In Davos, Kushner showcases his skills in the language of artificial intelligence presentations: rubble turned into an investment pitch, maps without blood, cities without memory, an economy without people—just an empty space on a map, ready to be redesigned according to market logic. It is a vision that excludes the human being, reduces the conflict to a management problem, and ignores the fact that reconstruction without sovereignty is nothing but another form of control. Gaza does not need an economic “vision”; it needs the dismantling of the causes of its destruction. Any conception of its future that bypasses occupation, blockade, and rights is merely a softer extension of the same violence—less noisy, colder in tone.

Donald Trump did not descend upon the world from the sky; he is an aberrant product of an aberrant global system that has reached a dead end—a system designed to monopolize opportunities and enforce the dominance of the greenback. The decision was made to confront emerging powers challenging this dominance and push them out of America’s neighboring zones of monopoly. A collision was inevitable—not only with China’s rising influence, but with the Eurozone as well—driving the targeted powers to form counter-alliances outside the familiar order.

Venezuela was nothing but a precise translation of all this, and the talk of Greenland and Canada merely confirms it. As for Iran—around which mobilization is underway to replicate the Venezuelan model—it represents a translation of a hidden struggle for influence and interests. Even if it is framed as destabilization in the Gulf region and a threat to Israel’s security, its ultimate outcome serves the logic of using America’s overwhelming power to redraw and entrench zones of monopoly and the dominance of the greenback.

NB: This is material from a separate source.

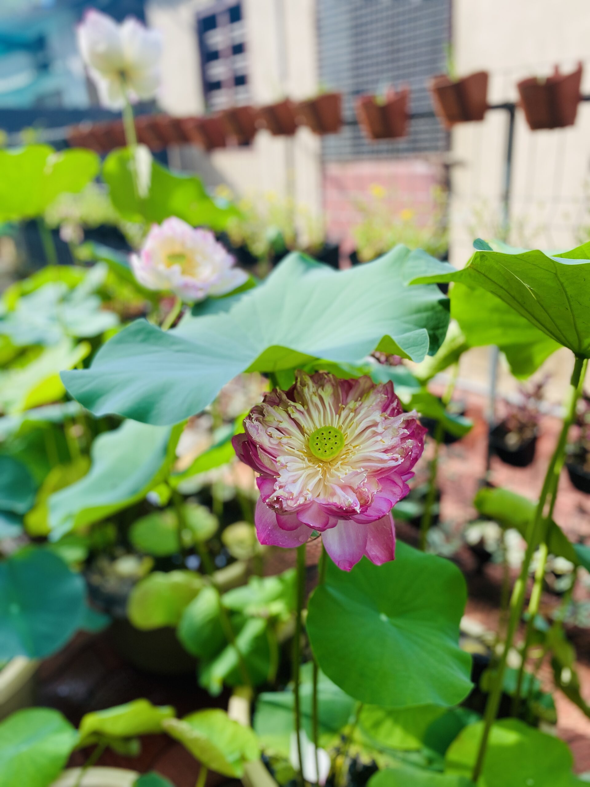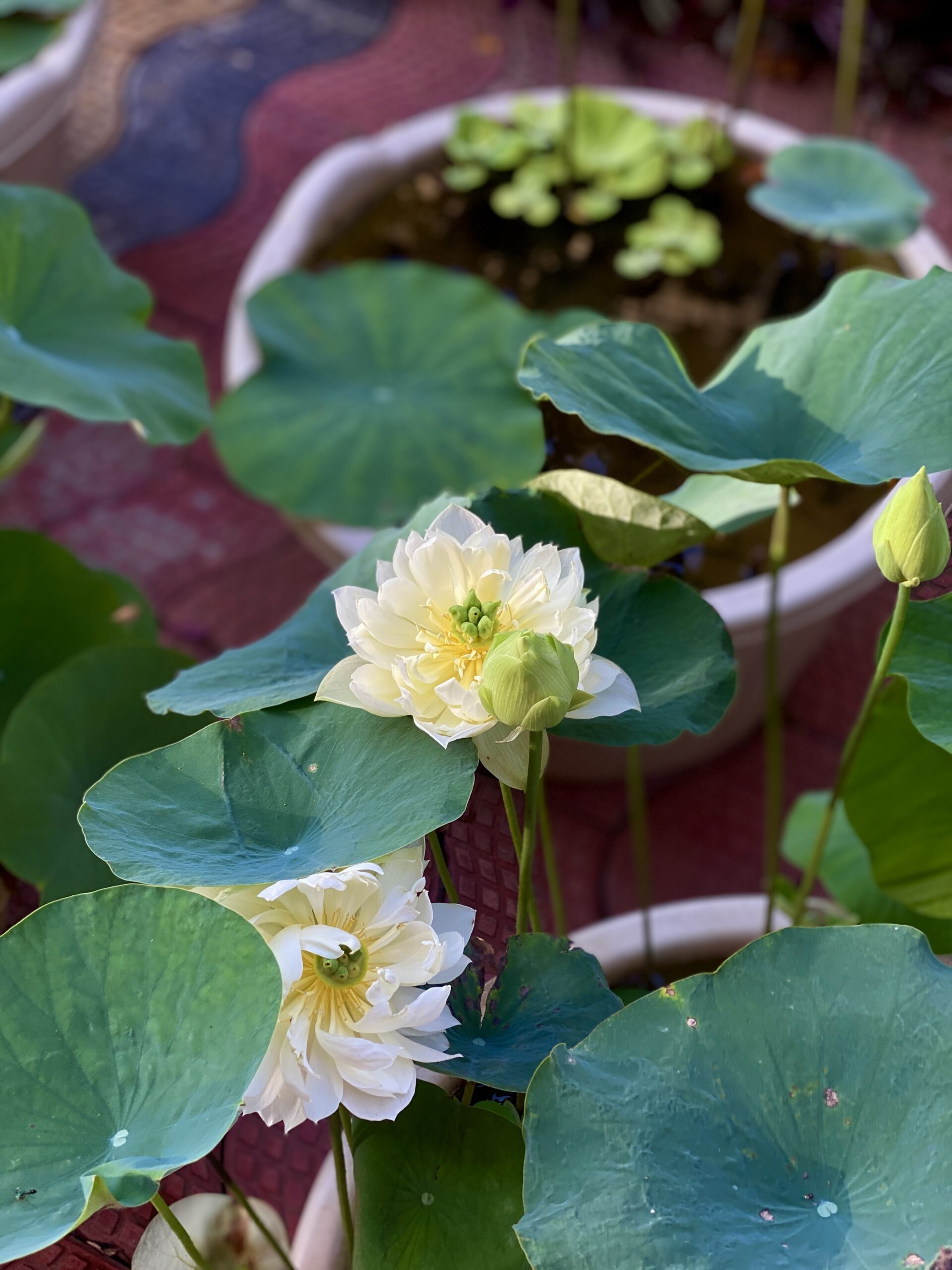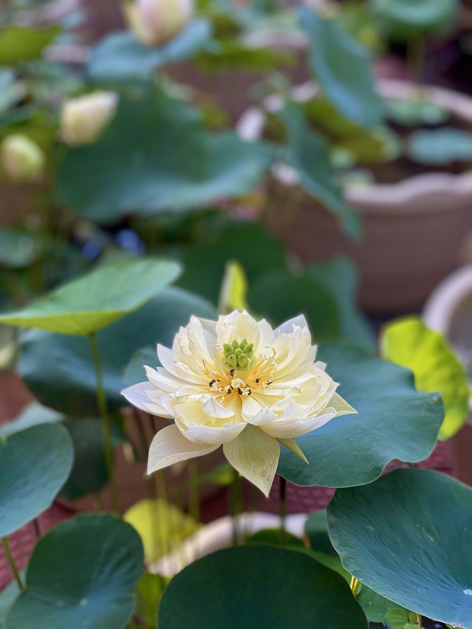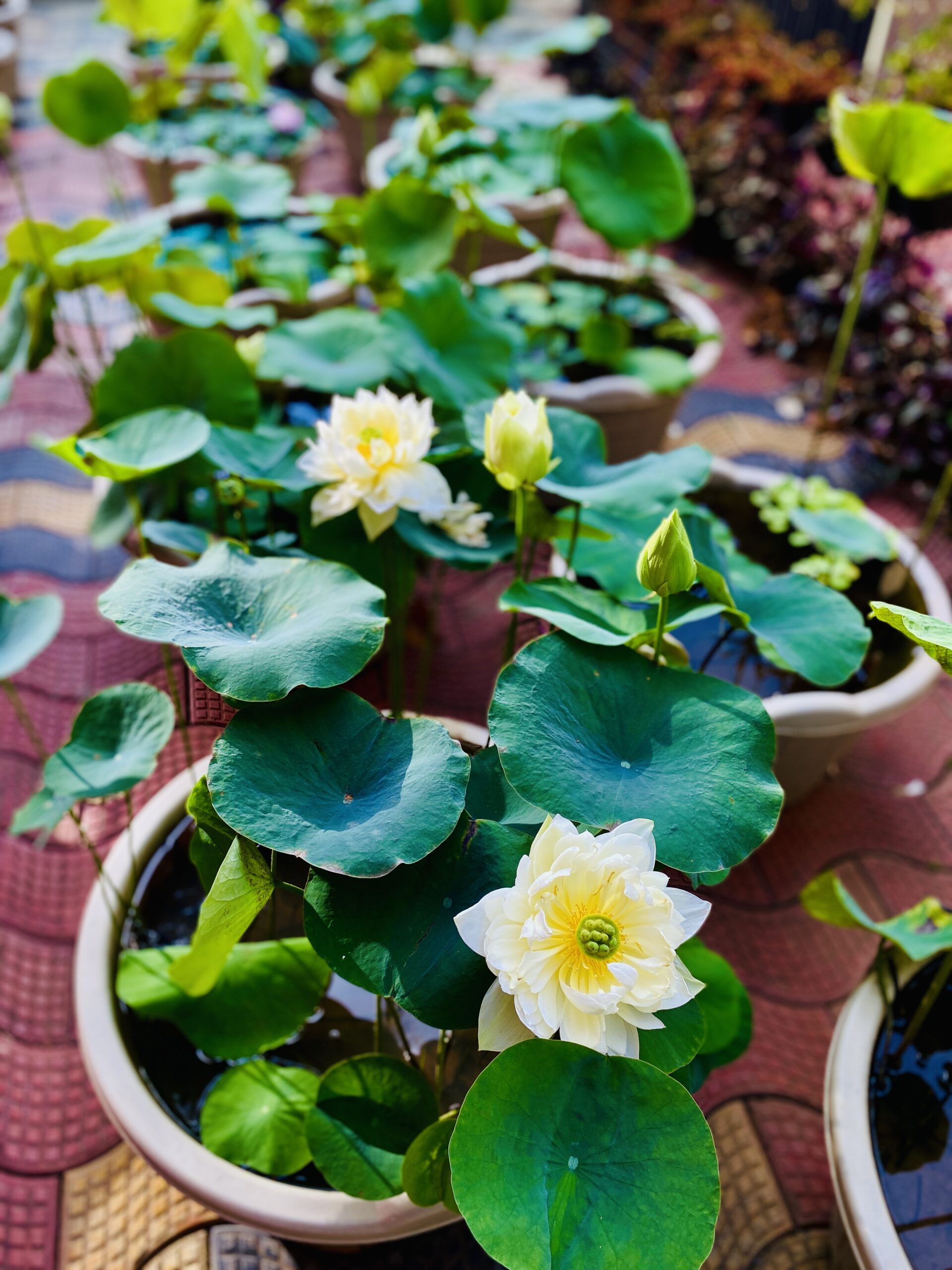 Lotus plants are great in fish ponds—they provide shade, oxygen, and shelter for fish like koi and guppies

Benjamin Netanyahu and Israel’s ruling right have placed all their eggs in Donald Trump’s basket and that of the neoconservatives in the United States, believing that after October 7 the moment had come to decisively resolve their existential crisis within the framework of the neoconservative project and its vision of subjugating the world by force. They now act toward their neighbors with the same logic. The deliberate Israeli obstruction of the Palestinian, Lebanese, and Syrian files can only be understood as a waiting game—anticipating the outcomes of Trump’s policies in the major arenas, foremost among them the Iranian file and the priority of toppling the existing regime there.

The worst is yet to come for the Middle East and the world at large. The collision of the major projects launched by Donald Trump has effectively become the last lifeline for Benjamin Netanyahu and Israel’s ruling right. All indicators suggest these projects will collide with internal constraints within the United States—limitations on their ability to press forward—as well as objective constraints tied to the fragmentation of traditional U.S. alliances and the resilience of those targeted by them. This will determine the future of the Middle East and the world as a whole, in which Palestinians and Israelis alike may become minor details—until Donald Trump and his entourage finish learning veterinary medicine on donkeys of light.